Senator for Lagos West
- In office 5 June 2007 – 6 June 2015
- Preceded by: Tokunbo Afikuyomi
- Succeeded by: Solomon Adeola

Personal details
- Born: 19 December 1959 (age 66) Lagos State, Nigeria

= Ganiyu Solomon =

Nigerian politician (born 1959)

Ganiyu Olarenwaju Solomon (born 19 December 1959) is a Nigerian politician. He was senator for the Lagos West constituency from 5 June 2007 to 6 June 2015. He is a member of the Action Congress (AC), now All Progressives Congress (APC). He is a former president of the Rotary Club of Isolo

==Early life and education==

Solomon was born on 19 December 1959. His father, Alhaji Rafiu Ishola Solomon, was politically influential as a contemporary of the first civilian governor of Lagos State, Alhaji Lateef Jakande.
Solomon attended Oke-Ona Grammar School, Abeokuta, Ogun State.
He obtained a B.Sc. in political science from the University of Lagos, and went into a private IT services business. Later he went into the property business, before entering politics during the regime of late General Sani Abacha.

==Political career==
He was elected into the Lagos State House of Assembly on the Democratic Party of Nigeria (DPN) platform in 1998, but did not take his seat before Abacha's death. During the return to democracy in 1999 with the Nigerian Fourth Republic, Solomon was elected chairman of Mushin Local Government Area of Lagos State on the Alliance for Democracy (AD) platform.
In 2003 he was a contender to be Alliance For Democracy (AD) Senate candidate for Lagos West, but was defeated by the incumbent senator Tokunbo Afikuyomi. His supporters greeted the primary results with violence, and governor Bola Tinubu was unable to leave the scene of the vote for several hours as the mob battled with police outside and other electoral observers.
Solomon ran instead for the federal House of Assembly for Mushin Federal Constituency 1 and was elected.
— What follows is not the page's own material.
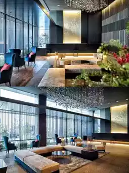 The hotel's top floor features a refreshing large bath. The design here is inspired by the gentle sway of water waves, and the view of the water garden under the night lights is mesmerizing. The bath also has a special women's-only rest area and an open-air balcony, allowing you to find a moment of tranquility in the busy city life.

In April 2007, Solomon was elected to the Senate on the Action Congress (AC) platform for the Lagos West constituency.
After taking his seat in the Senate, he was appointed to committees on Works, Sports, Rules & Business, Integration & Cooperation and Capital Markets (chairman).
In a mid-term evaluation of senators in May 2009, ThisDay noted that he had sponsored bills on amendment of the National Directorate of Act, Electronic Commerce, Whistleblowers Protection, Institute of Capital Market Registrars and Elderly Persons Centre, and had sponsored or co-sponsored ten motions.
He was appointed chairman of the Senate Committee on Capital Market.
His GOS Foundation provides assistance in skills acquisition, educational development, micro-credit, healthcare and poverty alleviation.

In the run-up to the April 2011 elections, Solomon was unopposed in his bid in the Action Congress of Nigeria primaries to run for reelection.
He was reelected on 9 April.

In September 2011, it was reported that Solomon was arguing with ACN National Legal Advisor Muiz Banire over who would be the next Mushin Local Government Chairman. The bickering threatened to tear the party apart, with PDP chieftain Waheed Lawon saying it was making it more likely for the PDP to "sweep both Mushin and Surulere at the upcoming local government elections." But eventually the spirit of oneness prevailed through the intervention of the ACN elders which culminated in the emergence of the ACN candidate as the winner of Mushin Local Government Chairmanship election. Solomon participated in the 2014 APC governorship primaries ahead of the 2015 election

Ganiyu Olanrewaju Solomon (GOS) was recently introduced as a new member of Lagos State Governor Advisory Council (GAC)

In October 2022, Ganiyu Olanrewaju Solomon (GOS) was appointed as Director General of the Lagos State All Progressives Congress (APC) Campaign Council along with some grassroot politicians.